Ein andermal platzt mir bei Frühstück der Kragen: Ein gebrechlicher alter Mann hat seine Maske auf dem Zimmer vergessen, und der Kantinenmann befiehlt ihm, noch einmal zurückzugehen und sie zu holen. „Aber warum?“, rufe ich. „Er wird doch gleich essen, da nimmt er sowieso die Maske ab!“

Der Kantinenmann besteht auf seiner Anweisung; doch als der alte Mann gegangen ist, beugt er sich zu mir vor und flüstert: „Ich kann nicht wissen, wie die Patienten denken. Manche denken so, andere so.“ Vertrautes DDR-Gefühl: Alle wahren die Fassade, alle spielen mit, weil keiner weiß, wie der andere denkt.

Ich bin froh, als sich die Reha dem Ende nähert. Mir ist klar, dass ich an dem Flop nicht unschuldig bin: Ich hatte viel zu viele und viel zu hohe Erwartungen mit diesem Aufenthalt verbunden.
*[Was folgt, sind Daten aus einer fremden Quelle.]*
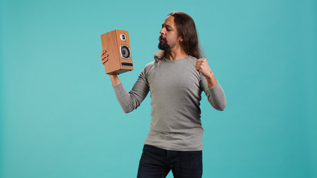 Portrait of person having fun holding speakers, listening music, dancing on rhythm. Cheerful man entertaining himself hearing songs with powerful bass, nodding head, studio background, camera A

Wenn ich die schwerkranken Menschen in der Klinik sehe und ihre Leidensgeschichten höre, schäme ich mich, dass ich diese Reha überhaupt beantragt habe. Jenen Kranken kann vielleicht in dieser Klinik geholfen werden; den Bewertungen nach zählt sie durchaus zu den besseren im Lande. Doch ein Routinefall wie ich darf sich nicht wundern, wenn er auch als Routinefall behandelt wird. Vorbei sind die Zeiten, da man eine Reha gewissermaßen aus Luxuxgründen antrat – um sich körperlich und seelisch zu stärken, um eine erholsame Zeit zu erleben, um einen Zustrom an Wissen zu erfahren. Die Reha der Zukunft sieht so aus, wie ich sie in diesen drei Wochen erlebte: zurechtgestutzte Lautlos-Fernseher, kranke Menschen, die mit Armbändern Schlange stehen, und Kontrollanrufe, damit sie auch parieren. Und das hat nichts mit Corona zu tun. Corona verstärkt und verdeutlicht nur die gesellschaftlichen Tendenzen, die ohnehin vorhanden sind – in diesem Fall die Tendenz zur Reglementierung und Kontrolle der Kurpatienten, und die wird sicherlich nicht verschwinden, wenn der Corona-Wahn verschwunden ist. Für mich war dies die letzte Rehakur – zumindest die letzte, die ich gern und freiwillig angetreten habe.